An exact restatement of the data below, with the pictures removed, is the required answer.

## Given material
------------------------

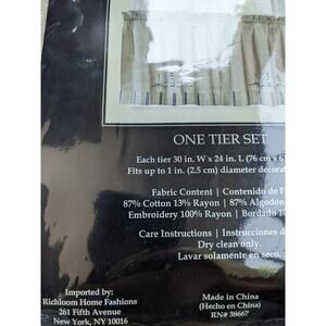 The Richloom Home Fashions Light House Nautical Embroidered Tier Set is a stylish and light filtering curtain set perfect for any room in the house. Featuring a nautical theme and embroidered design, these beige and blue-colored tiers are made from a blended fabric for durability and quality. The rod pocket heading makes it easy to hang these 30-inch wide by 24-inch long curtains on your window frame, adding a touch of nautical charm to your home decor. These light-weight tiers are a beautiful addition to any room.
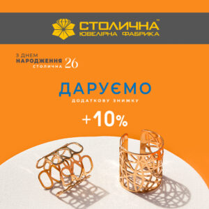 Столична Ювелірна Фабрика дарує додаткові 10% знижки з нагоди Дня народження компанії.
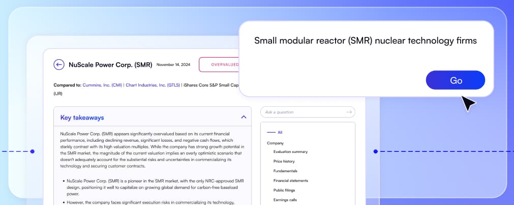 Get months of insights in minutes utilizing our multi-LLM platform, institutional financial data, and real-time backtesting and benchmarking capabilities.
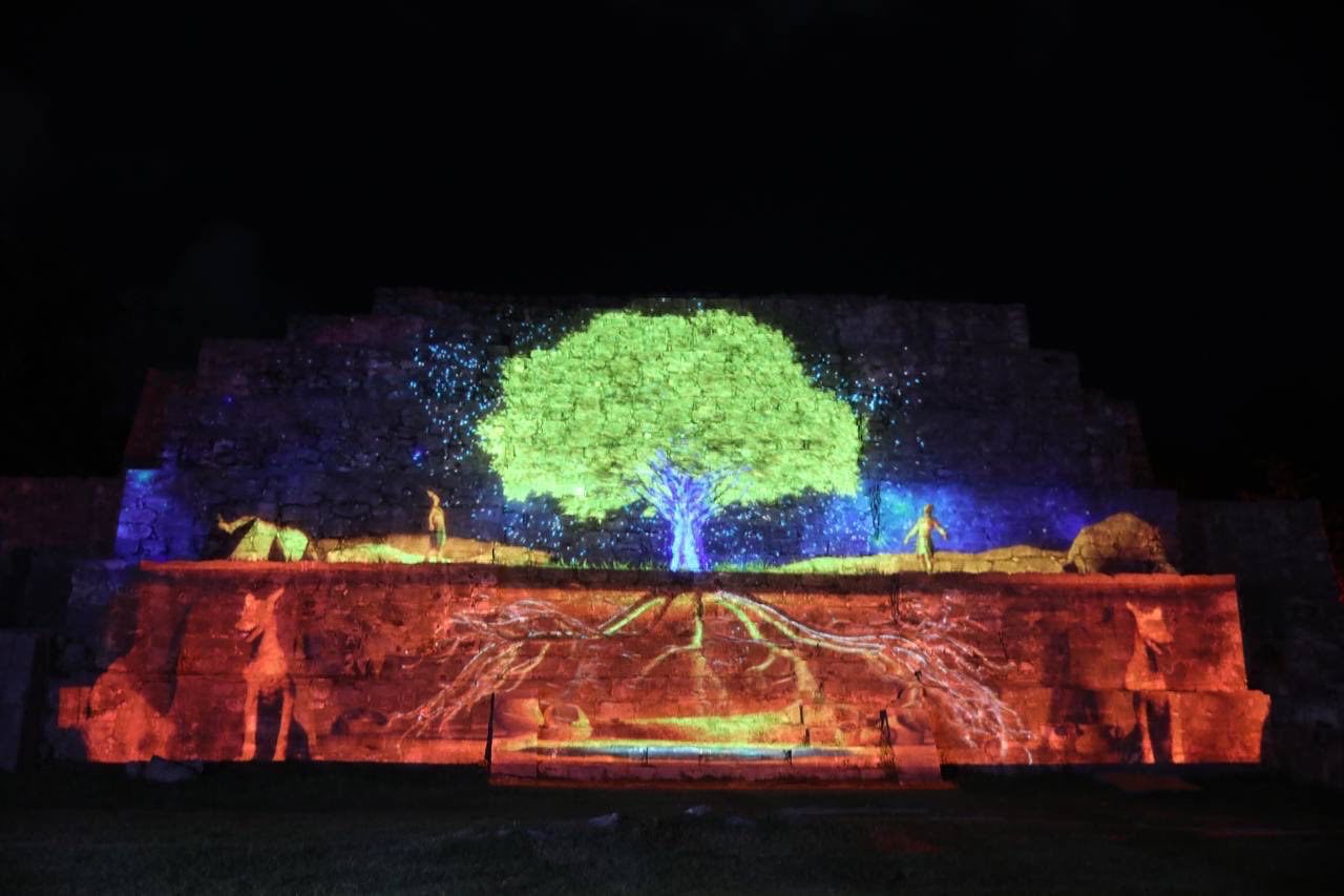 En este proyecto se emplean 9 proyectores con tecnología láser, además de más de 100 lámparas que iluminan los senderos y dan vida a los árboles. El guion fue escrito por arqueólogos yucatecos y supervisado y autorizado por el consejo de arqueología del INAH.

------------------------

## Output
 The Richloom Home Fashions Light House Nautical Embroidered Tier Set is a stylish and light filtering curtain set perfect for any room in the house. Featuring a nautical theme and embroidered design, these beige and blue-colored tiers are made from a blended fabric for durability and quality. The rod pocket heading makes it easy to hang these 30-inch wide by 24-inch long curtains on your window frame, adding a touch of nautical charm to your home decor. These light-weight tiers are a beautiful addition to any room.
 Столична Ювелірна Фабрика дарує додаткові 10% знижки з нагоди Дня народження компанії.
 Get months of insights in minutes utilizing our multi-LLM platform, institutional financial data, and real-time backtesting and benchmarking capabilities.
 En este proyecto se emplean 9 proyectores con tecnología láser, además de más de 100 lámparas que iluminan los senderos y dan vida a los árboles. El guion fue escrito por arqueólogos yucatecos y supervisado y autorizado por el consejo de arqueología del INAH.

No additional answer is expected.